Son âme s’aigrissait rapidement dans cette position fausse et pénible. Le duc n’avait pas su contribuer à la guérir. Il avait reculé devant l’aveu du lien qui l’unissait à elle. Au moment de le lui révéler, il s’était arrêté, effrayé de son caractère impétueux et des exigences qui pouvaient surgir. Trompé par la feinte ignorance de sa fille, il avait traité les propos de la vieille marquise de rêverie, de méchanceté pure. Morenita était restée miss Hartwell, la fille d’un ami de Calcutta et d’une Anglaise morte sur le navire qui l’amenait en France, en lui donnant le jour.

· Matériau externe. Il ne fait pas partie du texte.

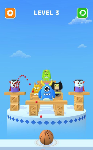 游戏设置了多个关卡,并提供丰富的道具,可玩性强。会有投球辅助线帮助你瞄准!
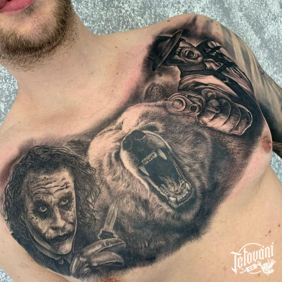 Tetování z filmů a pohádek, portrét Jokera, zvířata a medvěd na prsou
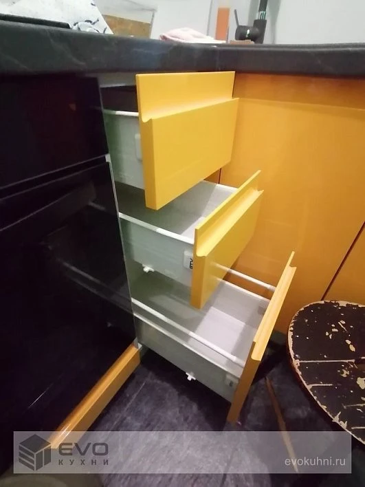 - Фасады: МДФ Эмаль с интегрированной ручкой RAL9003 глянец / RAL 1033 глянец.
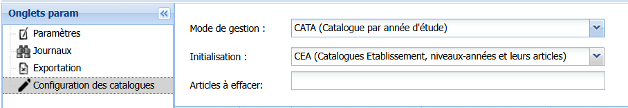 Si nécessaire, il est encore possible de modifier le paramétrage des catalogues. En revanche, il ne sera plus possible de le modifier après l’initialisation des frais : après l’initialisation, le mode de gestion et la copie des catalogues/articles sont définitifs pour la nouvelle année scolaire.
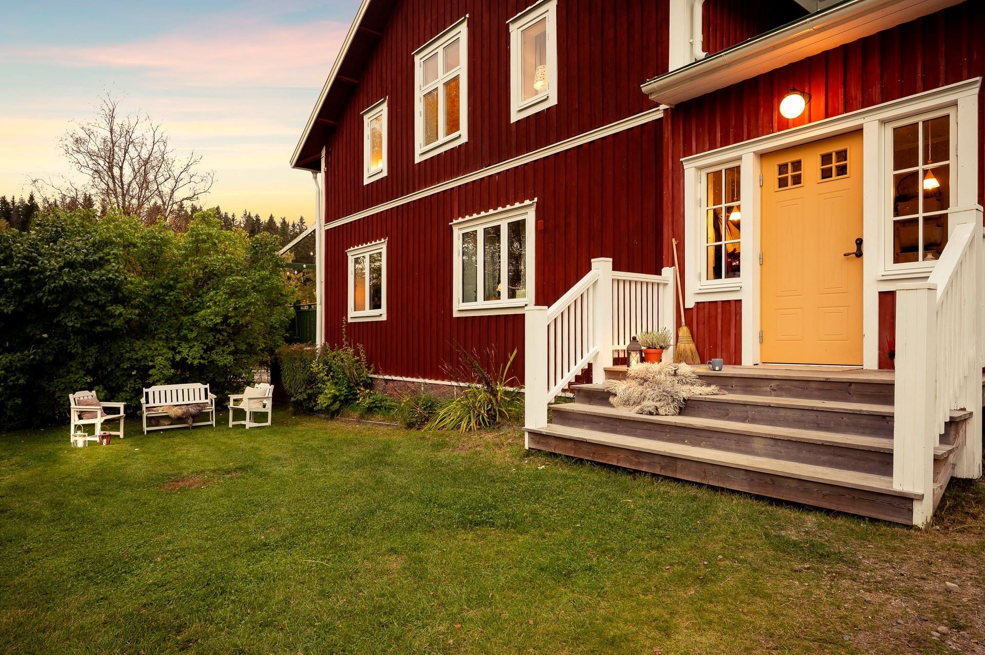 Den stora tomten bjuder in till odling, lek och avkoppling och från den generösa altanen njuter man av soliga dagar, middagar under bar himmel och den rogivande utsikten över den forsande älven.

Morenita, en se voyant mystifiée ainsi, avait écrit sur une page de son journal :

« Vous me faites orpheline, mon père ? Eh bien, tant mieux ! vous me faites libre ! »

Elle s’était donc redressée de toute sa petite taille, et Clet, qui prenait du dépit contre elle, comme bien d’autres, commençait à la comparer à un petit serpent qui veut toujours mordre, parce qu’il rêve toujours qu’on lui marche sur la queue.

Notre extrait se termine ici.